Analyzing Bitcoin's Key Resistance and Potential Breakout
The crucial level mentioned in the analysis likely refers to a high-impact resistance zone that Bitcoin has tested multiple times in recent sessions. As of the update on November 28, 2025, BTC experienced rejection here, but the analyst views it as a temporary setback. For traders, this presents opportunities to monitor support levels and prepare for a breakout. Historical data shows that Bitcoin often consolidates before major moves, and breaking this final hurdle could trigger increased buying pressure. Key indicators to watch include the 20-month moving average (MA), which the analyst highlights as a desirable closing point for the weekend. A calm market over the weekend, closing above this MA, would reinforce bullish signals and potentially attract more institutional inflows. Trading volumes during such periods are critical; lower weekend volatility often sets the stage for weekday rallies, with past instances showing BTC gaining 10-15% post-consolidation when closing above long-term MAs.

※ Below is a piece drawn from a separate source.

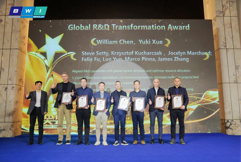 京西智行管理团队由衷肯定了各地团队在过去一年里为推动公司发展、创造卓越业绩所做出的贡献。刘喜合郑重地向来自世界各地的优秀团队颁发了多项极具分量的成就奖项,包括:全球管理成本优化奖、全球研发变革奖、灵活组织变革奖、战略项目执行奖、中国磁流变悬架突破奖、全球供应链升级及压缩成本奖、数字化发展奖等。

Trading Strategies for BTC's Path to $100K
From a trading perspective, positioning for a rally to $100,000 involves strategic entries and risk management. Traders might consider long positions if BTC retests the resistance with increasing volume, aiming for targets around $80,000 as an intermediate level before pushing higher. Support zones below the current price, such as those near the 50-day MA, offer potential dip-buying opportunities. On-chain metrics, including active addresses and whale accumulations, support this bullish outlook, as they've shown upticks during similar rejection phases. For instance, if trading volume spikes above average daily levels—say, exceeding 50 billion USD in 24-hour spot volume—it could confirm the breakout. Risk-averse traders should set stop-losses just below the 20-month MA to mitigate downside risks, especially given external factors like regulatory news or macroeconomic data releases. The analyst's call for good times ahead emphasizes patience, suggesting that a weekly close above this MA could invalidate bearish scenarios and propel BTC toward new all-time highs.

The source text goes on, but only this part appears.